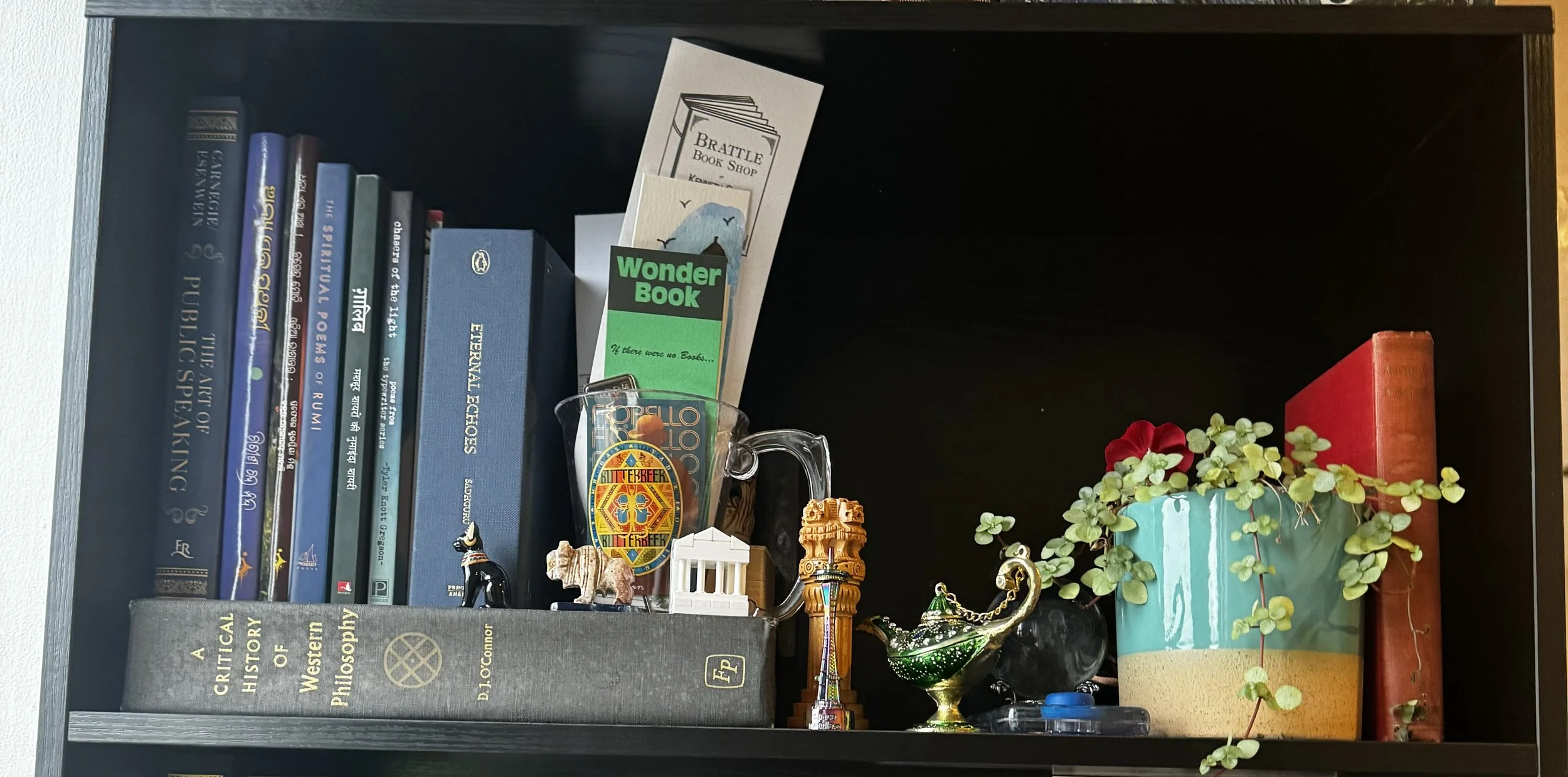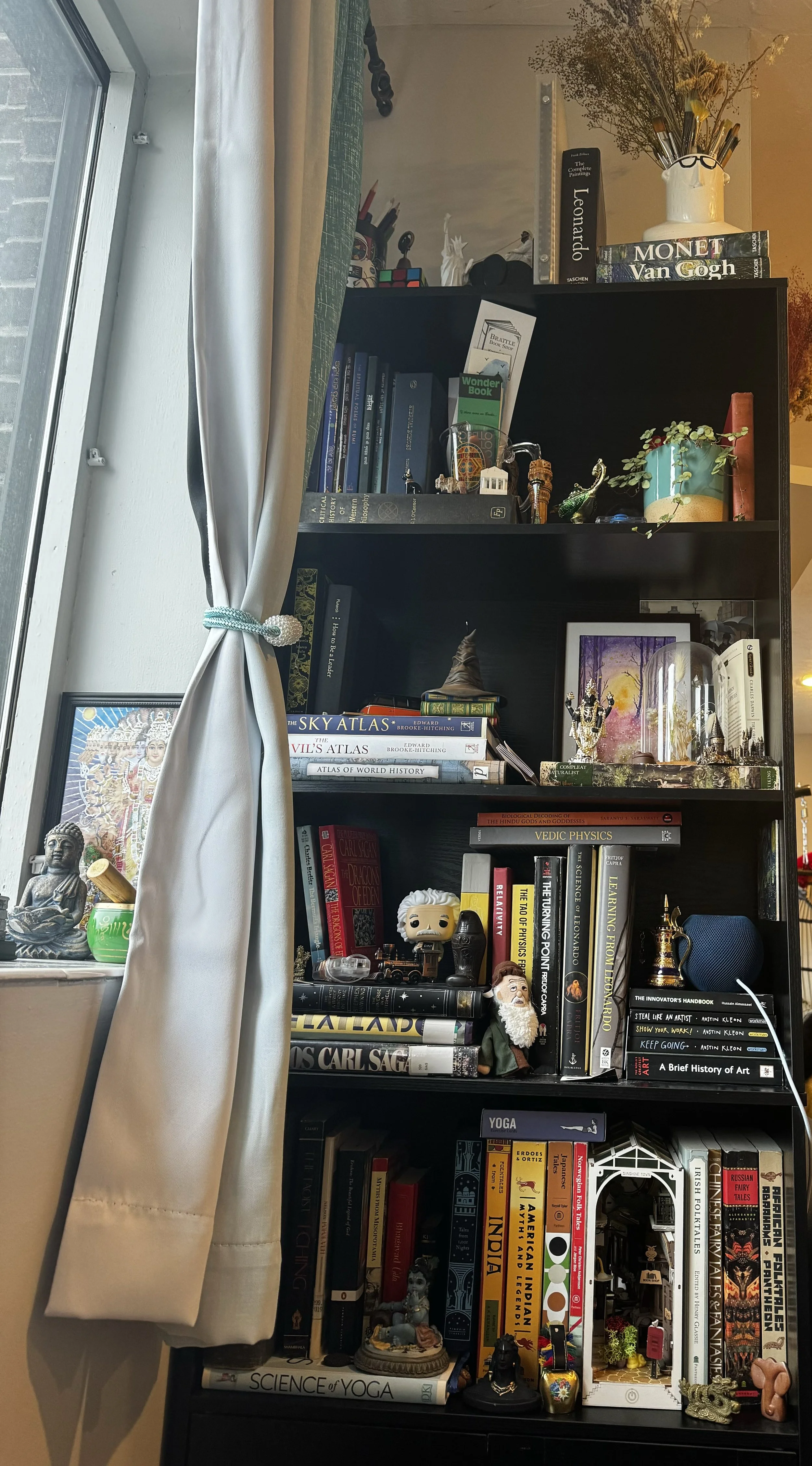 Nestled within the walls of my home in Boston, my current bookshelf stands as a testament to a lifelong commitment to the written word. This carefully curated collection reflects not just a chronicle of diverse genres and literary epochs but a tangible representation of my intellectual and aesthetic evolution. From deep contemplating fiction to the profound insights of scientific visionaries, the shelves hold the imprints of Rowling, Sagan, and more. The synergy of art and intellect unfolds as Van Gogh's strokes converse with the eloquence of Carl Sagan's cosmos. It's a sanctuary where theology from across continents finds common ground, and the verses of Dickinson and Frost resonate with the hallowed silence of a reading nook, creating a haven that transcends physical space, inviting the mind to wander and explore the boundless landscapes of imagination and knowledge.
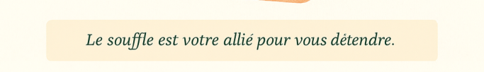Porter l’attention sur votre respiration, vous suivez le flux de l’air qui rentre et qui sort, tranquillement juste en observateur et peu à peu à chaque cycle respiratoire vous allez réduire le débit de l’expiration. L’amplitude reste la même, et on diminue le débit, si cela vous facilite les choses vous pouvez expirer par la bouche comme si vous soufflez dans une paille. On laisse ensuite l’inspiration venir tranquillement, et se déployer complètement, on inspire par le nez. On va maintenant faire une respiration rythmée, on compte le temps d’inspiration: 1, 2, 3, 4 et d’expiration 1, 2, 3, 4 et on reste dans ce rythme régulier. Maintenant on va allonger le temps d’expiration: on inspire 1, 2, 3, 4 et on expire 1, 2, 3, 4, 5, 6. On inspire 1, 2, 3, 4 et on expire 1, 2, 3, 4, 5, 6 etc… Vous continuez tranquillement une expiration plus longue que l’inspiration. On augmente encore le temps d’expiration: on inspire 1, 2, 3, 4, et on expire 1, 2, 3, 4, 5, 6, 7, 8. Puis on inspire 1, 2, 3, 4, et on expire 1, 2, 3, 4, 5, 6, 7, 8 et vous continuez tranquillement. Vous allez maintenant laisser la respiration se faire sans intervenir d’aucune manière.
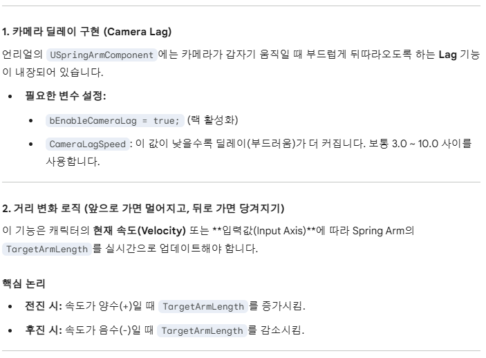 // 3. FInterpTo를 사용하여 부드럽게 거리 조절
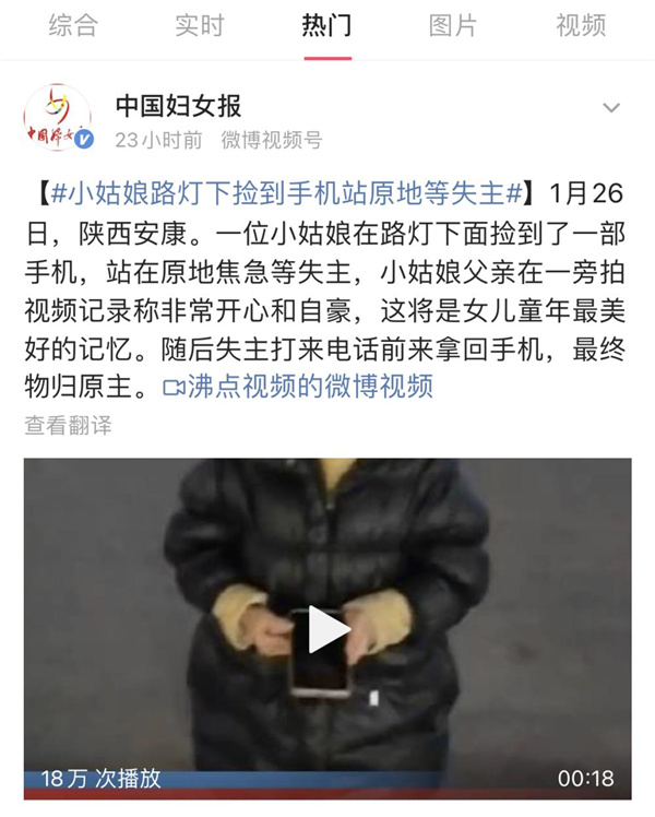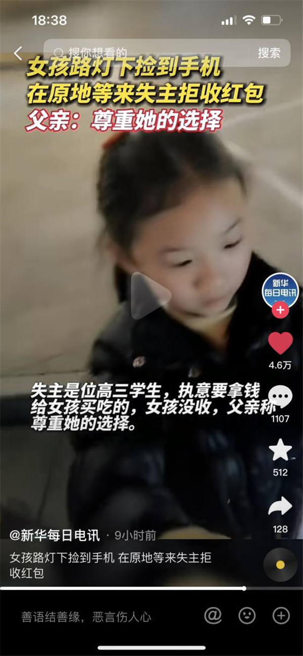 1月28日下午,#女孩撿手機站原地等失主##小姑娘路燈下撿到手機站原地等失主#話題沖上了抖音熱門、微博熱門,廣大網友紛紛點贊。LBN安康新聞網
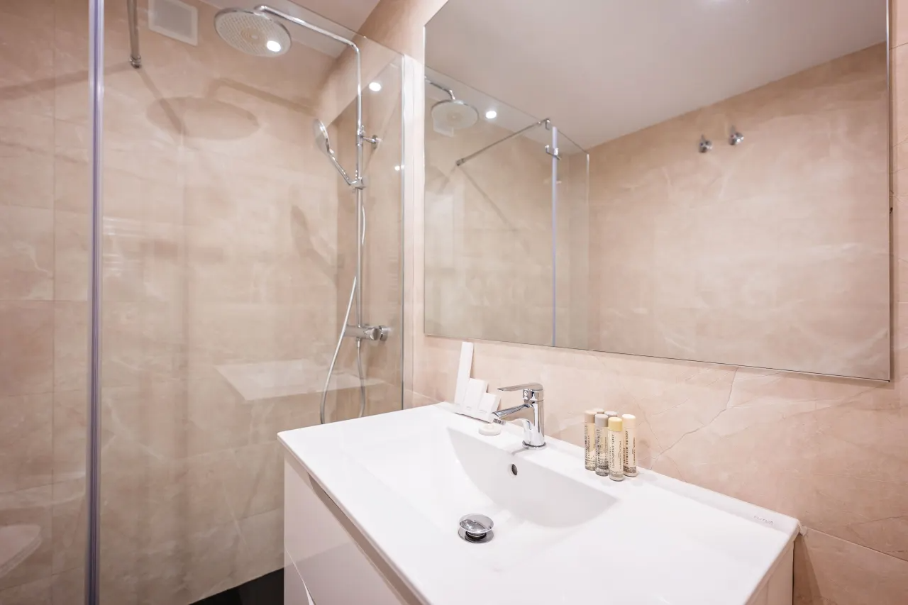 Designed by our expert interior designer, this three-bedroom retreat is spacious, bright, and features a modern aesthetic that prioritizes your comfort and style.
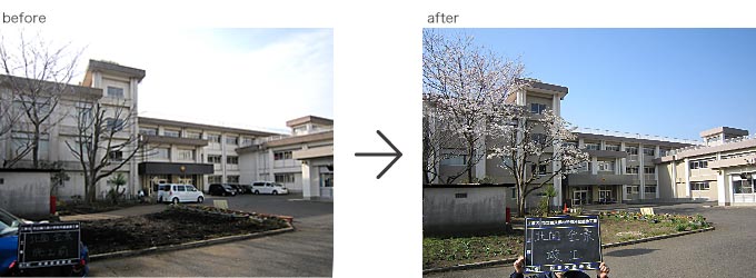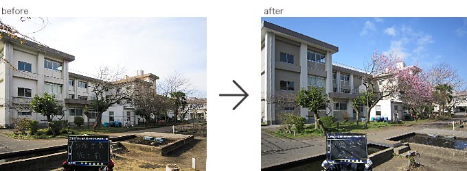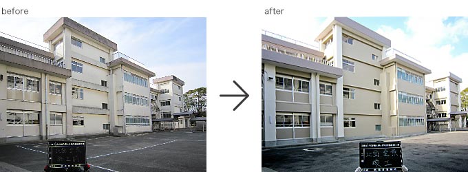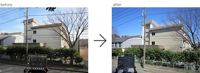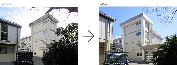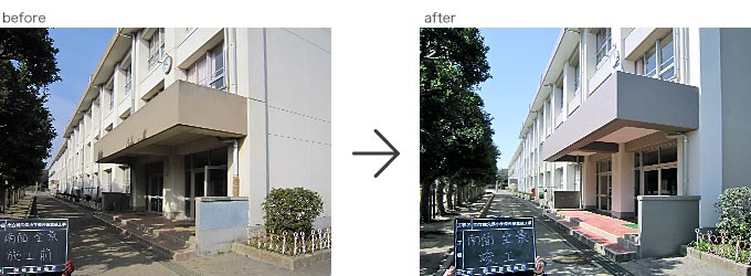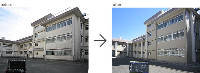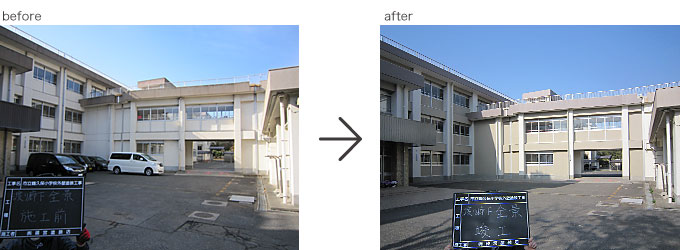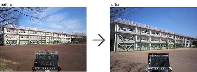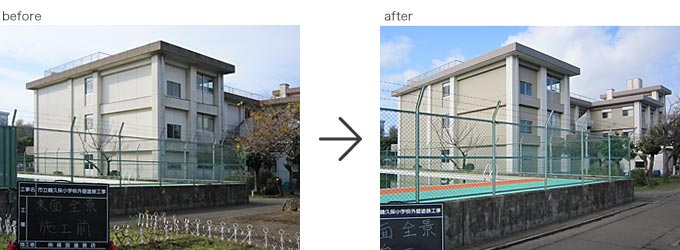 2013.3月完成 ○横須賀市立鶴久保小学校 校舎をぐる~り一周すると約300m。 その建物40%程度の劣化した塗膜を全て除去し、下地調整後、校舎全体を防水塗装施工。
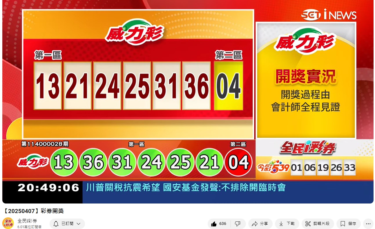 114年4月07日彩券開獎 來自全民i彩券YT [三立新聞網SETN][4月08日重播]
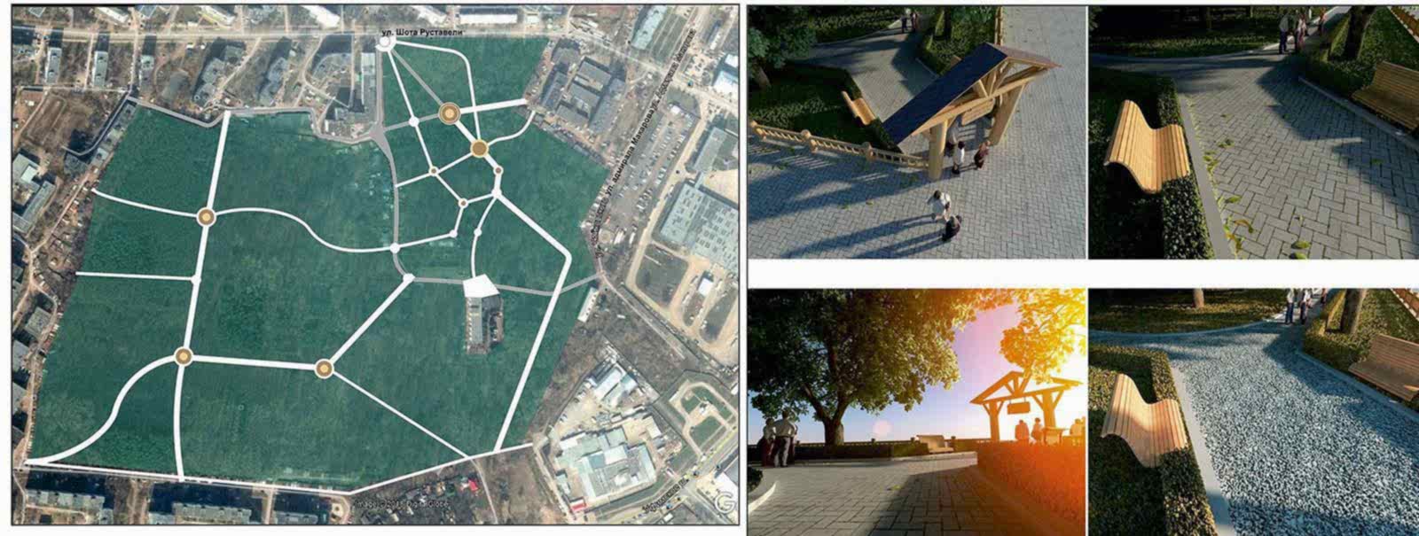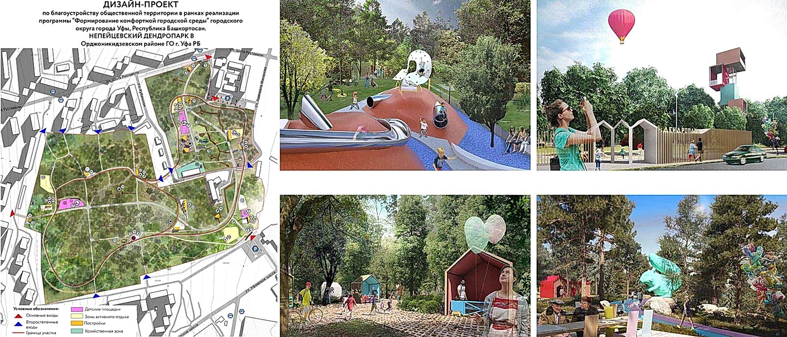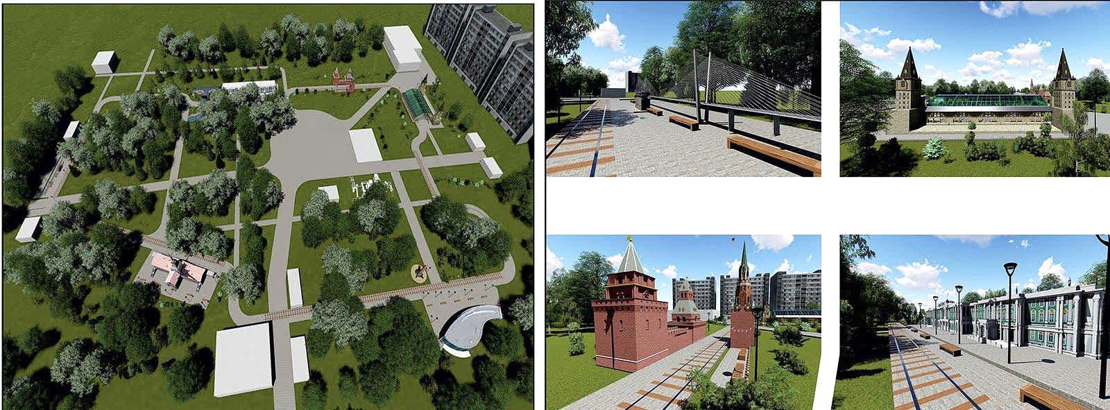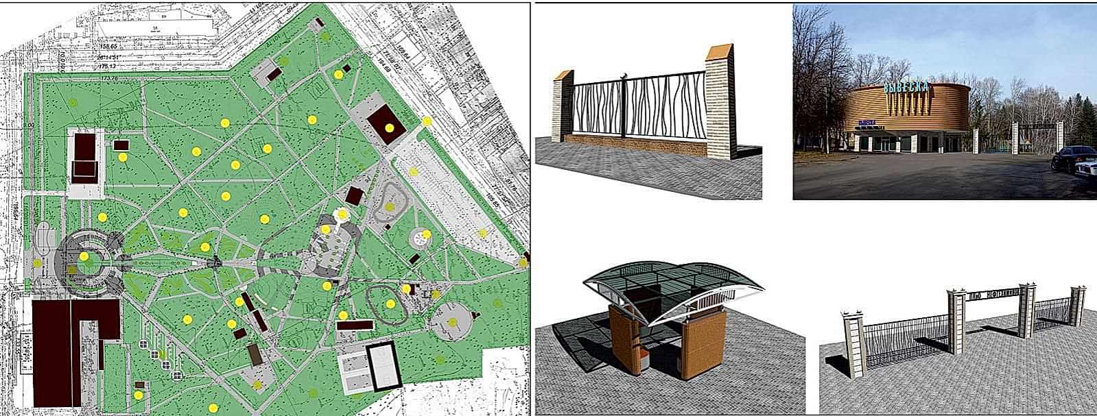 В парке планируется уложить тротуарную брусчатку, обновить тротуарное и асфальтовое покрытие, освещение, парковые скамейки, урны. Провести реконструкцию входных групп. Организовать территорию для тихого отдыха с беседками, построить фонтан, установить детские и спортивные Pin-Up Дизайн-проектом предусмотрена организация вольера и площадки для выгула собак, а также парковки.

******

This exercise asks for the data above to be given again exactly, without pictures.

[Task solution]
 Nestled within the walls of my home in Boston, my current bookshelf stands as a testament to a lifelong commitment to the written word. This carefully curated collection reflects not just a chronicle of diverse genres and literary epochs but a tangible representation of my intellectual and aesthetic evolution. From deep contemplating fiction to the profound insights of scientific visionaries, the shelves hold the imprints of Rowling, Sagan, and more. The synergy of art and intellect unfolds as Van Gogh's strokes converse with the eloquence of Carl Sagan's cosmos. It's a sanctuary where theology from across continents finds common ground, and the verses of Dickinson and Frost resonate with the hallowed silence of a reading nook, creating a haven that transcends physical space, inviting the mind to wander and explore the boundless landscapes of imagination and knowledge.
Porter l’attention sur votre respiration, vous suivez le flux de l’air qui rentre et qui sort, tranquillement juste en observateur et peu à peu à chaque cycle respiratoire vous allez réduire le débit de l’expiration. L’amplitude reste la même, et on diminue le débit, si cela vous facilite les choses vous pouvez expirer par la bouche comme si vous soufflez dans une paille. On laisse ensuite l’inspiration venir tranquillement, et se déployer complètement, on inspire par le nez. On va maintenant faire une respiration rythmée, on compte le temps d’inspiration: 1, 2, 3, 4 et d’expiration 1, 2, 3, 4 et on reste dans ce rythme régulier. Maintenant on va allonger le temps d’expiration: on inspire 1, 2, 3, 4 et on expire 1, 2, 3, 4, 5, 6. On inspire 1, 2, 3, 4 et on expire 1, 2, 3, 4, 5, 6 etc… Vous continuez tranquillement une expiration plus longue que l’inspiration. On augmente encore le temps d’expiration: on inspire 1, 2, 3, 4, et on expire 1, 2, 3, 4, 5, 6, 7, 8. Puis on inspire 1, 2, 3, 4, et on expire 1, 2, 3, 4, 5, 6, 7, 8 et vous continuez tranquillement. Vous allez maintenant laisser la respiration se faire sans intervenir d’aucune manière.
 // 3. FInterpTo를 사용하여 부드럽게 거리 조절
 1月28日下午,#女孩撿手機站原地等失主##小姑娘路燈下撿到手機站原地等失主#話題沖上了抖音熱門、微博熱門,廣大網友紛紛點贊。LBN安康新聞網
 Designed by our expert interior designer, this three-bedroom retreat is spacious, bright, and features a modern aesthetic that prioritizes your comfort and style.
 2013.3月完成 ○横須賀市立鶴久保小学校 校舎をぐる~り一周すると約300m。 その建物40%程度の劣化した塗膜を全て除去し、下地調整後、校舎全体を防水塗装施工。
 114年4月07日彩券開獎 來自全民i彩券YT [三立新聞網SETN][4月08日重播]
 В парке планируется уложить тротуарную брусчатку, обновить тротуарное и асфальтовое покрытие, освещение, парковые скамейки, урны. Провести реконструкцию входных групп. Организовать территорию для тихого отдыха с беседками, построить фонтан, установить детские и спортивные Pin-Up Дизайн-проектом предусмотрена организация вольера и площадки для выгула собак, а также парковки.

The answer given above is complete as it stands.